Frequencies were tabulated in SAS ® for gender, section, major, year and ethnicity by a function identified as odd or even last digit of the student ID number. Chi Square analyses resulted in probabilities of .87 or higher for every breakout, showing all demographics to be random by this function. Students were then assigned to either the control group or the treatment group by odd or even last digit of their student ID number. In most cases, this number is the student's social security number with the exception of foreign students who do not have a US social security number. These students are assigned a similar number by the university. In any case, the student ID number on file with the University is the number used for purposes of group assignment. This was a convenient system to use, since the number is recorded on all Scantron forms used, and routine quizzes and exams in the course are tabulated on Scantron forms by student ID number.


Demographics

Frequencies were tabulated in SAS using Proc Freq with by variables identified for gender, major, year, and ethnicity as identified by the student on the questionnaire, and by group. Each student's cognitive profile was calculated from the student's ranking of 20 sets of 4 words per set, by preference (Appendix B ). The words were presented to the student in random order, and sorted in code for tabulation in proper sequence. A checksum was calculated for each student, to correct for student errors in ranking procedure, and this checksum was used to calculate the percentage preference for each quadrant of the individual profile. Each quadrant is recorded in the student cognitive profile as a percentage, the four quadrants summing to 100%.
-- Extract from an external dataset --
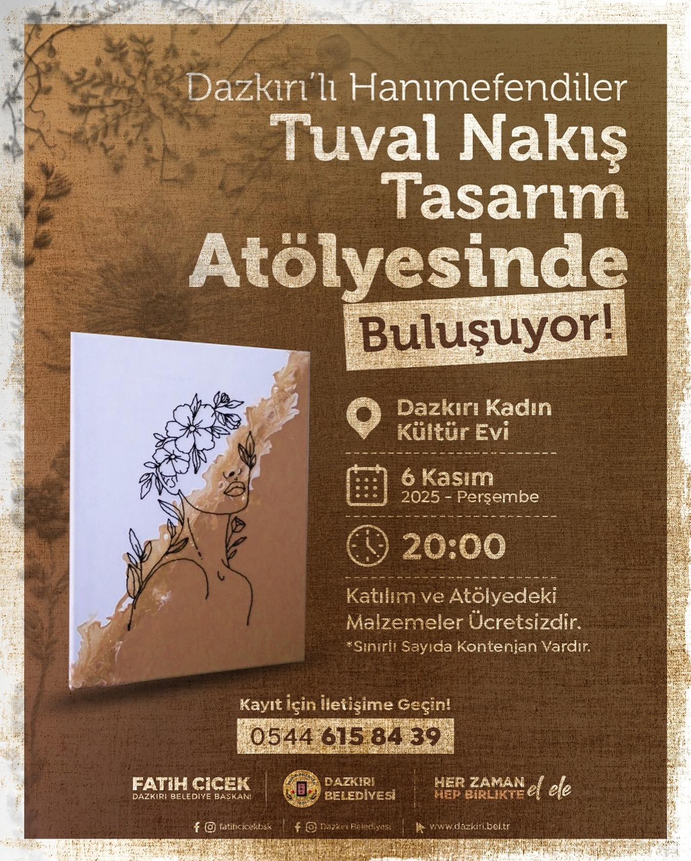 Başkan Çiçek, etkinlikle ilgili yaptığı açıklamada şu ifadelere yer verdi: “Dazkırı’nın ilmek ilmek işleyen kadınları, Tuval Nakış Tasarım Atölyemizde buluşuyor. Her nakış bir hikâye, her kadın bir ilham! Haydi hanımlar, birlikte üretelim, birlikte güzelleştirelim.”

Analyses for the Research Questions

Univariate evaluations were performed on the distribution of quadrant scores, and by general linear models procedure (Proc GLM) in SAS. The means for each of the four quadrants ranged from 24.6 to 26.0, with standard deviations from 6.6 to 8.4. All quadrant scores were normally distributed, with W: Normal of 0.98 for all quadrants. The means and standard deviations were used to determine descriptive intervals for quadrant scores.

Frequency count procedures within SAS (Proc Freq) with Chi square analyses were run on student quadrant dominances by demographic variables. A quadrant value was considered very low if 0% to less than or equal to 10 %; low if greater than 10% to less than or equal to 20%; mid to high if greater than 20% to less than or equal to 30%; and very high if greater than 30%.

ANOVA, MANOVA, MANCOVA and Correlation analyses were accomplished with the General Linear Models , Proc Univariate with normal plot routines, and means testing under standard SAS code practices, including Tukey evaluation of least significant differences between multiple groups, alpha=0.05, and least squares means with standard error and PDIFF options where SAT math scores were used as a covariate. These were used to analyze differences in grades between and within subgroups, by demographics and by cognitive dominances. All relevant results of all evaluations are published in chapter four of this dissertation.